Expert perspectives on the management of KRAS G12C–mutant non–small cell lung cancer in the context of novel targeted agents.
Benjamin Levy, MD: Let’s move on to an undruggable mutation, or at least historically it has been undruggable: KRAS G12C. Alex, you’ve been front and center on this. You presented the data with adagrasib and simultaneously released your paper in the New England Journal of Medicine. Congratulations. Before adagrasib it was sotorasib. Do you want to walk us through those [sotorasib] data briefly and then the adagrasib data?
Alexander Spira, MD: Sotorasib came out about a year ago with multiple presentations. It was presented at ASCO [American Society of Clinical Oncology Annual Meeting], and it’s a game changer, right? Response rates are in the 30%-to-40% range, and it’s very efficacious and well tolerated by all. It’s interesting because at that time there was criticism because response rates were not what we were expecting. Taking a step back, I’m old enough to—I don’t know if I’m the oldest 1 here.
Benjamin Levy, MD: You are.
Alexander Spira, MD: Thanks, Dr Levy. I participated in at least 5 KRAS trials, all of which were stone-cold negative. We had an undruggable target and we made it druggable. It’s not perfect, but what a phenomenal thing for our patients. It’s a real number. You talk about exon 20, you talk about ALK, and you talk about single digits—it’s 14% of our patients, so that’s a huge deal. Adagrasib is about a year behind sotorasib. The response rate is 43%. There’s a little concern raised because there’s a little more toxicity there. A lot of patients got their dose reduced, but the discontinuation rate is the same. We have the beginning of some CNS [central nervous system] data. There were some more presented by Joshua Sabari at ASCO. Both are very good drugs. At the end of the day, they’re both similar. The discussion yesterday did what you’re not supposed to do: put cross-trial comparisons side by side. We’re hard-pressed to notice a difference in the end. We might have some CNS data on adagrasib soon. We don’t have it on sotorasib, but it’s an exciting time.
Benjamin Levy, MD: Who would have thought?
Alexander Spira, MD: Who would have thought, right?

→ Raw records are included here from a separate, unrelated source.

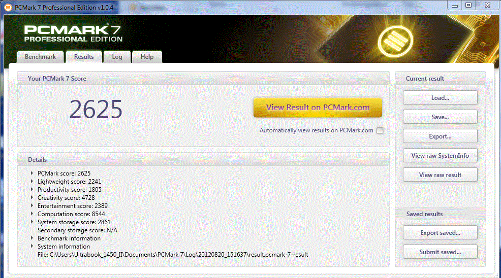 Warum das 1450 II trotz SSD eine solche niedrige Systemwertung bekommt, das erkennen wir deutlich am HDD-Score (5.177, PCMark Vantage) bzw. am Storage Score (2.861, PCMark 7). Andere SSD-Ultrabooks fahren bei Letzterem bis zu 83 % (Asus Zenbook Prime UX31A, ADATA XM11 SSD) oder zumindest 47 % mehr Punkte ein (Lenovo IdeaPad U410-MAH6MGE, HDD + SSD Cache). Weshalb die Verbatim SSD solch schlechte Performance abliefert, der klären wir unter Massenspeicher.
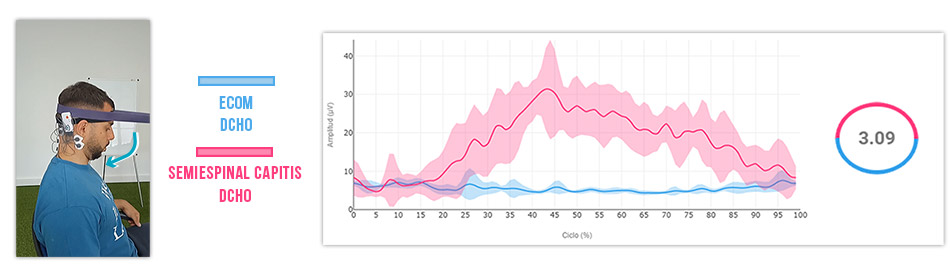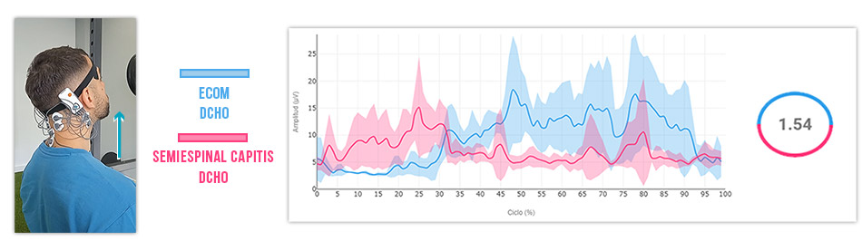 Estudios recientes con EMG han revelado que los pacientes con dolor de cuello por SCS muestran un aumento en la amplitud de activación en los músculos superficiales esternocleidomastoideo y escaleno anterior, una reducción en la activación de los músculos cervicales profundos y una disminución en el rango de movimiento en comparación con las personas sin dolor de cuello (3).
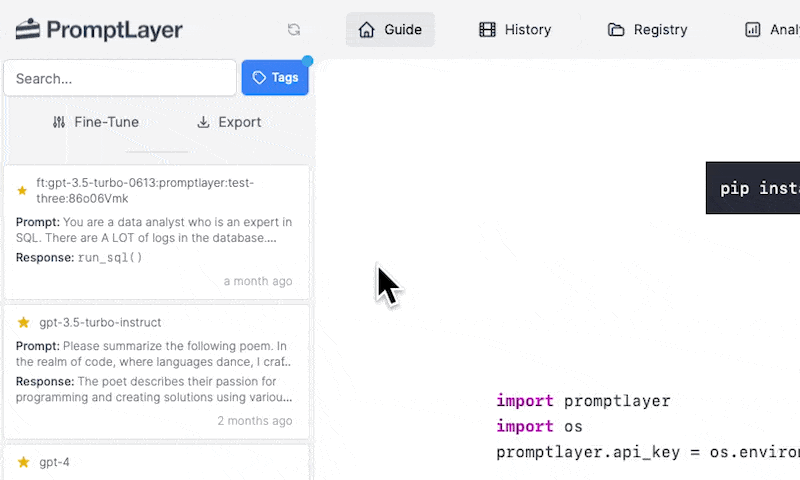 Use the tags search filter to search for specific tags within the PromptLayer. Tags are used to group product features, prod/dev versions, and other categories. You can search for tags by selecting them in the “Tags” dropdown. Tagging a request is easy. Read more about it here.Favorites
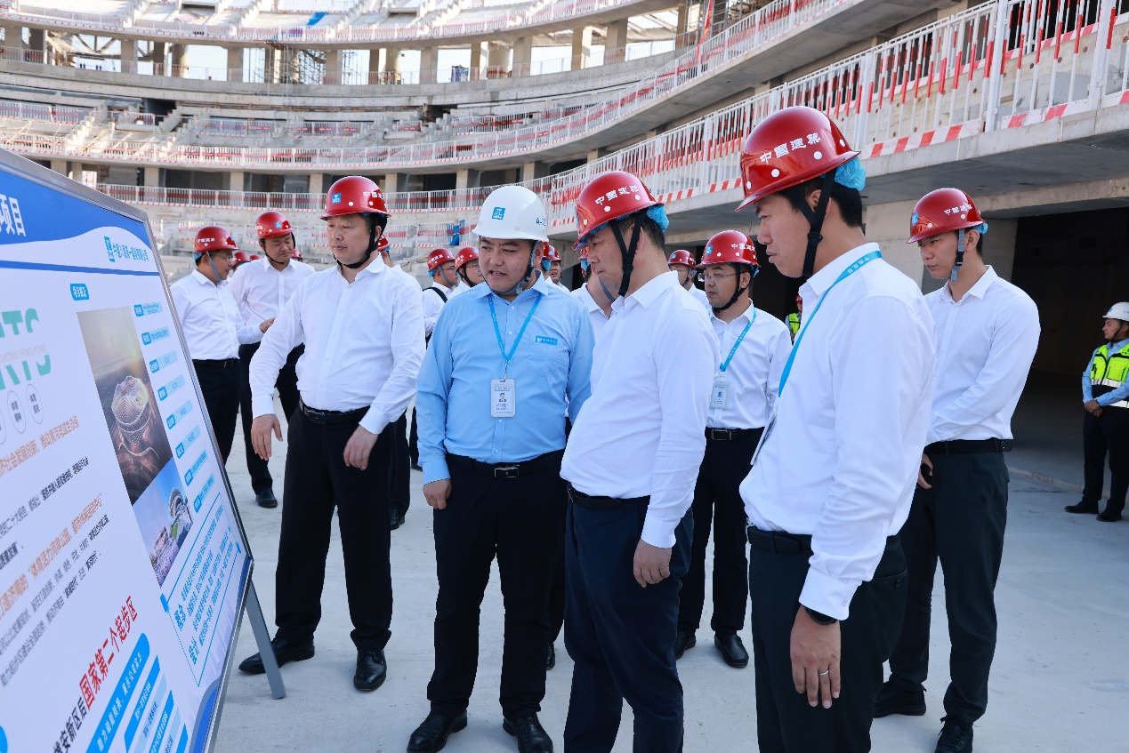 當(dāng)天下午,調(diào)研組一行到黃河體育場項目現(xiàn)場調(diào)研,實地查看了施工現(xiàn)場,參觀了黨建展廳,聆聽了項目綜合匯報,了解項目履約管理、商務(wù)管理、創(chuàng)新技術(shù)應(yīng)用等方面情況,詳細(xì)詢問了解項目在提升精益管控、人均效能方面的具體做法,了解公司制度規(guī)范的落地實施情況。

Benjamin Levy, MD: For sotorasib, it’s so exciting to see those data last year and see a median overall survival of 12 months at the second or third line. That’s not first line. Remember, for most patients with KRAS-mutant lung cancer, the median survival at the time of diagnosis was 12 months. To see this time at the start and at the receipt of this drug, which was second or third line, is pretty incredible.
Alexander Spira, MD: Adagrasib, the median number of lines of therapy was 2 but a quarter of patients got 3 or more. I mean just think about that. I mean that’s insane so the game changes for everybody. Now it’s going to be how do we move it to the front line or whatever and there’s going to be a whole pile of literature in other cancers too. I briefly mentioned it but maybe it’ll be one of those tumor agnostic things, which, it’s a lung cancer discussion but how cool is that?

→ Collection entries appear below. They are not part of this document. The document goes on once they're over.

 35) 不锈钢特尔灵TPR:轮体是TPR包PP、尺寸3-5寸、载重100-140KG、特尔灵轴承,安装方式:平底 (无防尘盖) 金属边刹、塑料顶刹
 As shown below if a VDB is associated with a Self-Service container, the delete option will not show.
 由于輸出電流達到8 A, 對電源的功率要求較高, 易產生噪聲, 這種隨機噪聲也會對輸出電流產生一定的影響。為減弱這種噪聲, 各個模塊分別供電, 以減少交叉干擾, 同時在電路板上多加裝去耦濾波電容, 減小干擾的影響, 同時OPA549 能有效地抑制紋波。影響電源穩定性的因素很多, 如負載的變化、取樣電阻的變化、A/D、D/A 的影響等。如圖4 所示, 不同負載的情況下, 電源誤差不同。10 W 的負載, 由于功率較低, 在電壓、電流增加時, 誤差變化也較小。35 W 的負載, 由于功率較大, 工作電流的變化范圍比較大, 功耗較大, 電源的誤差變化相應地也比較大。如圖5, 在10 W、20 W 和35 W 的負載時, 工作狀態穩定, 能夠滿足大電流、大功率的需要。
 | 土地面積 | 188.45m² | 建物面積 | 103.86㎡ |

Benjamin Levy, MD: KRAS mutation is a genotype that immunotherapy works quite well in, unlike EGFR and ALK. Is it going to be TKI [tyrosine kinase inhibitor] with immunotherapy for these patients? Are you still thinking it’s going to be chemotherapy–I/O [immuno-oncology] or I/O first for the high PD-L1s?
Alexander Spira, MD: Great question. How is this going to evolve, and how are they going to do the studies? There are ongoing studies with both combining immunotherapy. There are clear data that adagrasib is being combined now. With the CRYSTAL-7 study ongoing, I keep getting left with frontline therapy with I/O. It may expand later, but there’s going to be a lot of questions. Do you need to give it with I/O? What’s the PD-L cutoff that you use? There are a lot of questions, but that’s going to be the future. Let’s face it, we want it in the front line. No. 1, it’s efficacy is probably better tolerated than chemotherapy. But as oncologists, there’s nothing more ingratiating than identifying a target and treating the target. Patients love it, and we love it. It makes a lot more sense.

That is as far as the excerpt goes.